私ども人工内耳友の会[ACITA] (アシタ)は、「人工内耳」を装用するメンバーの集まりです。人生の半ばで何らかの病気やケガで重度難聴になられ、補聴器でも聞こえない聾の方々も、手術で内耳の中へ電極を埋め込めば、聴神経を直接刺激して聴覚が取り戻せるのです。

東京医科大学で当初、音と言葉を取り戻したい4人の装用者が情報交換の場を作り、1988年5月に16人でスタート。2013年6月に創立25周年を祝いました。アシタは、Association of Cochlear Implant Transmitted Audition(人工内耳を介した聞こえのつどい)の頭文字をとったものです。もちろん、日本語の「明日」、つまり未来への希望を忘れたことはありません。

この会の活動の目的は、医師や言語聴覚士、メーカー、諸団体と連携して、人工内耳装用者の福祉の充実と普及、会報での情報発信を進めること。全国的に人工内耳相談会を開き、9月9日を『人工内耳の日』と定めて啓蒙活動を行い、正しい理解と普及促進に努めています。

また定期総会の懇談会では、聞こえの向上をめざして情報交換を行い、全国各支部でも啓蒙活動などを行っています。人工内耳装用者がアドバイザーとなり、自らの体験を通して再び音の世界に戻れた素晴らしい体験を語り、1人でも多くの方に聞こえの喜びを伝える活動も行われています。

いま正会員は1,000人を超えましたが、実際に装用されている方は7,000人以上と推定されています。失聴して諦めていた電話や音楽、孫とのおしゃべりなど、装用してから音や言葉が蘇ったことによるQOLの向上は言うまでもありません。

人工内耳を装用したからといって、すぐ話し言葉がすべて聞こえるわけではありません。聞こえの向上には会話や朗読、ラジオや世の中の様々な音を聞くなど、言葉が理解できるまでに半年から2年くらいのリハビリテーション(訓練)が必要です。

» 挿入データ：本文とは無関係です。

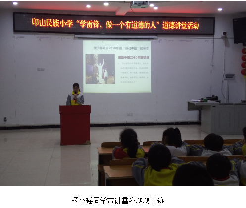 3月是“学雷锋月”,为倡导学生学习雷锋助人为乐的高尚情操。2018316日下午,印山民族小学二(1)班、五(6)班在学校阶梯教室开展了“学雷锋,做一个有道德的人”道德讲堂活动。
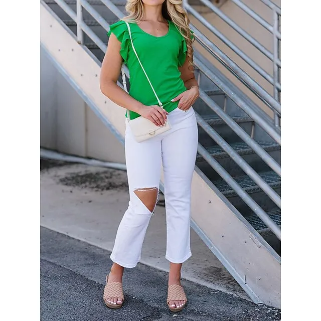 T shirt Tee Women’s Black White Green Solid Color Ruffle Street Daily Fashion V Neck S

しかし聞こえるようになっても、1年に1~2回のMAP(プログラム)調整なども欠かせません。ただし、聞こえ方は人により千差万別です。

人工内耳の適応基準は、聴力レベルが成人、小児(1歳半以降)それぞれ90dB以上で、補聴器を使用してもはっきり聞こえず、言葉が理解できないこと、となっています。近年は先天性聴覚障害のある乳児の装用が増え、また成人・小児とも両耳装用者も増えて聞こえの向上が高まってきています。